The findings in a Government Accountability Office decision that denied Perspecta’s protest offer some lessons about the need for specificity in your proposals.
The Next Generation Financial Services Environment contract's solicitation asked bidders to explain how they would assure compliance with consumer protection laws. Perspecta’s approach was scored as an "Unacceptable Risk" by the Education Department.
The government said Perspecta failed to describe a process for compliance with these laws. In Perspecta's protest, the company argued it explained how it would comply. Those details are unfortunately redacted from GAO’s decision.
Perspecta also said that while its proposal “does not specifically identify each and every law (such as the various federal consumer protection laws) that its compliance plan addresses," that bid "in no way qualifies its plan to exclude federal consumer protection laws.”
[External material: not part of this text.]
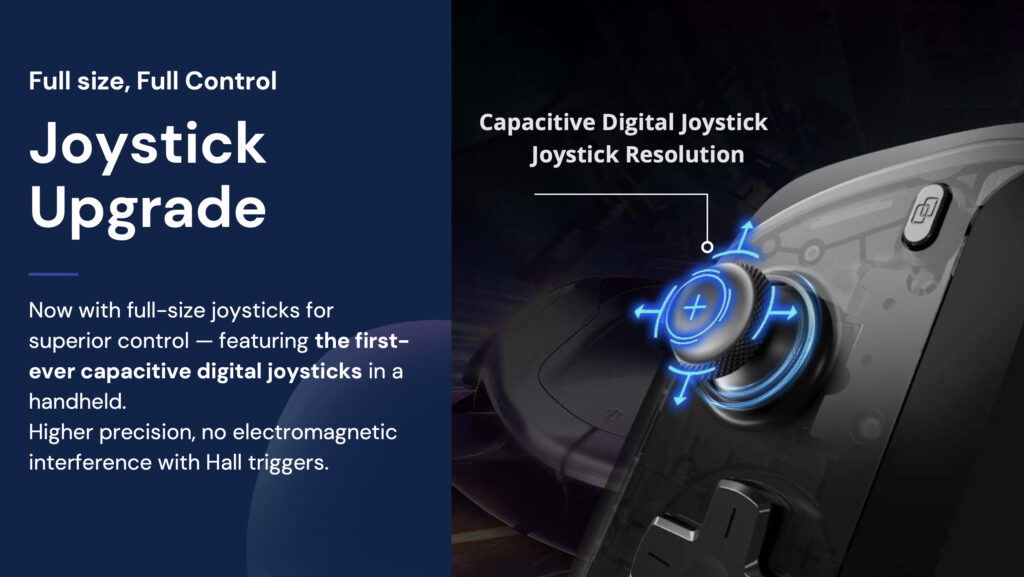Le novità non si fermano al processore. abxylute One Pro introduce miglioramenti anche nel sistema di controllo, dato che arriveranno per la prima volta joystick analogici capacitivi digitali di dimensioni standard (e non ridotte come la prima One), progettati per offrire una precisione superiore e privi di interferenze elettromagnetiche grazie all’abbinamento con i grilletti Hall Effect (tecnologia già presente nel modello base).

It sounds like Perspecta explained how it will comply with a broad group of federal laws but it didn’t break out specifically the federal consumer protection laws.
GAO said Perspecta should have specifically addressed that because the solicitation said such. The Education Department said it included the requirement because a congressional mandate requires it to hold its contractors accountable for compliance with consumer protection laws, according to GAO.
Lesson: if a solicitation specifically calls out a requirement, you should address it specifically.
The lack of specificity for compliance with consumer protection laws and a rating of "Unacceptable Risk" for security, led the Education Department to rate Perspecta’s technical approach as "Unacceptable."
Perspecta earned "Low Risk" ratings in the other parts of the technical approach of staffing, key personnel, and quality control. Meanwhile, the company’s past performance earned a "Substantial Confidence" score and its small business subcontracting was rated "Satisfactory."
Awards ended up going to Maximus, Texas Guaranteed Student Loan Corp., Missouri Higher Education Loan Authority, EdFinancial Services and F.H. Cann & Associates.